Work order: Identify all lines in the data containing the string "White". Copy them out.

Record excerpts:
*** Block opens ***

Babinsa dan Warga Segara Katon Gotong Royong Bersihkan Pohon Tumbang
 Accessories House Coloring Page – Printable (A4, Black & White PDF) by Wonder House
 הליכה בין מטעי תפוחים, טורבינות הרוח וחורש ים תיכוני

*** Block closes ***
*** Block opens ***

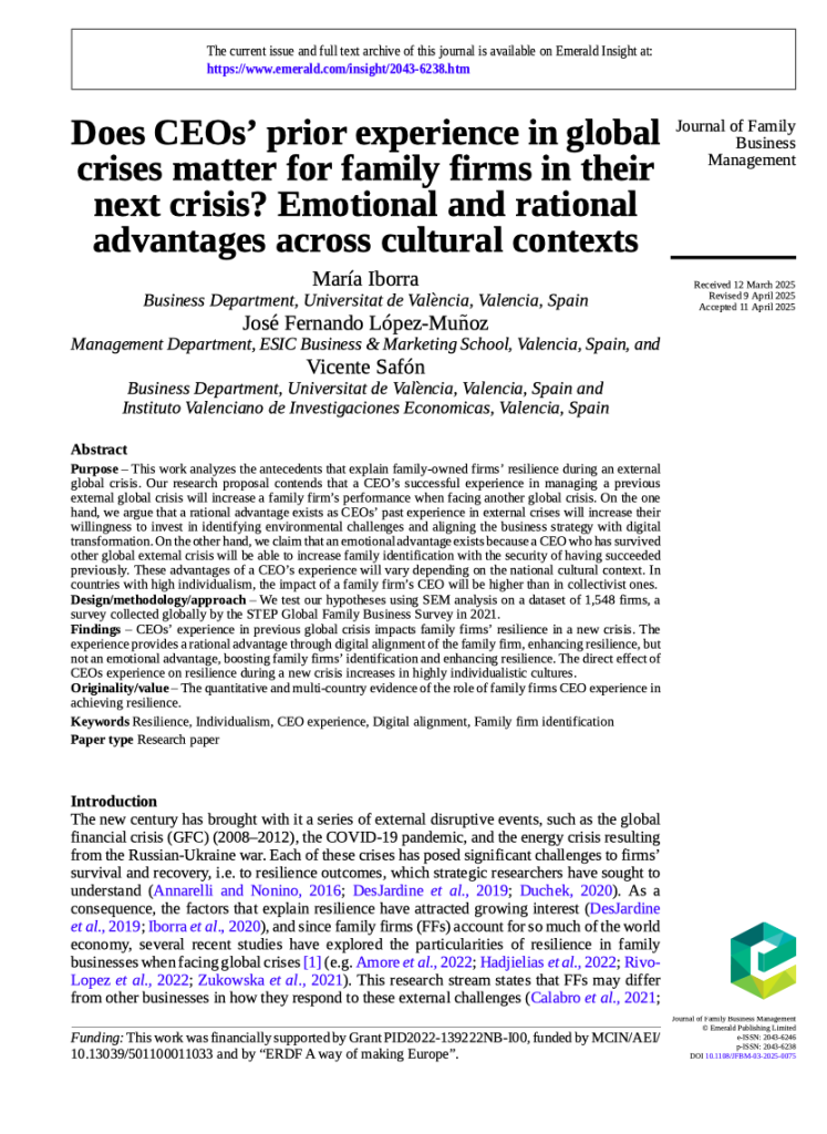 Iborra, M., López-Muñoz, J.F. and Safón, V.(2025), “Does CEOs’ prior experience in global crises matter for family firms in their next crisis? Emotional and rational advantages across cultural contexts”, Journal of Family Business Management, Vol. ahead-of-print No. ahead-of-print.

*** Block closes ***
*** Block opens ***

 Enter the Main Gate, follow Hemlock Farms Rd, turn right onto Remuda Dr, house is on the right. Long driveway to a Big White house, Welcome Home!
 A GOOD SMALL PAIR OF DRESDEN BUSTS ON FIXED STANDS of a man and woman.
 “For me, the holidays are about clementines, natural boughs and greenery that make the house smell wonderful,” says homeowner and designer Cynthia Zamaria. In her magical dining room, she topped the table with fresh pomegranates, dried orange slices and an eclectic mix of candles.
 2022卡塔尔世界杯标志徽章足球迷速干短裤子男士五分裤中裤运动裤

*** Block closes ***

Task output:
 Accessories House Coloring Page – Printable (A4, Black & White PDF) by Wonder House
 Enter the Main Gate, follow Hemlock Farms Rd, turn right onto Remuda Dr, house is on the right. Long driveway to a Big White house, Welcome Home!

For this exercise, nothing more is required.